Generally speaking, anything from ProMag sucks. It amazes me that they are still in business.


----------



## flycaster (Oct 19, 2008)

VAMarine said:


> Generally speaking, anything from ProMag sucks. It amazes me that they are still in business.


Agreed. I had a half dozen ProMags for a different autoloader. I ended up throwing out two of them. Of course I couldn't trust the others, so I so them. Crappo stuff.

Chuck


----------



## wpshooter (Sep 22, 2008)

Are these Pro Mag magazines labeled as such ?

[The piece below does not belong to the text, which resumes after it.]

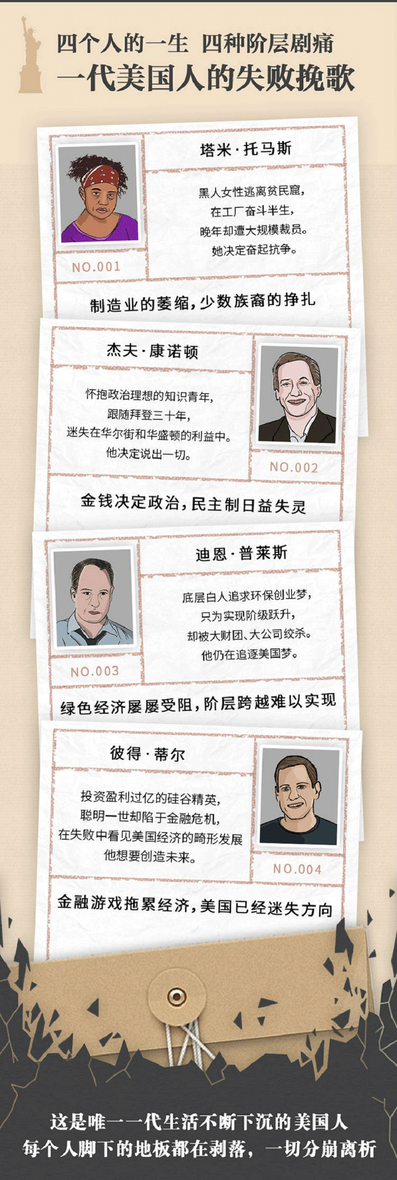 这是一个时代苍凉的侧影:受挫的努力,被辜负的信任,凋零的生机,以及日渐黯淡的希望。力透纸背的书写,栩栩如生的人物,呈现了美国三十多年的沧桑巨变,也为当下社会撕裂的悲剧写下了发人深省的前传。——刘擎,华东师范大学教授

The reason I ask is because I have some 20 & 30 round magazines which I purchased at a local gun show for my Beretta 92 and they do not have any markings on the magazines themselves telling what brand they are. They just have something like "for Beretta 92 and a 5 or 6 digit number" on the plastic sleeve that they are packaged in.

Thanks.


----------



## Freedom1911 (Oct 22, 2009)

Pretty much I hear nothing but bad stuff about pro mags but I took a chance with two for my Walther P99 and they work just fine. Never an issue. I use them as range mags only though. When SD is the matter of the day. I do not trust them, only the Walther/OEM mags that came with it or that I bought after the fact. But the ProMags have worked flawlessly to date.


----------



## Popeye (May 13, 2010)

I agree, PRO Mags may be fine for the range, but I've heard way to many complaints about them to bet my butt on them.


----------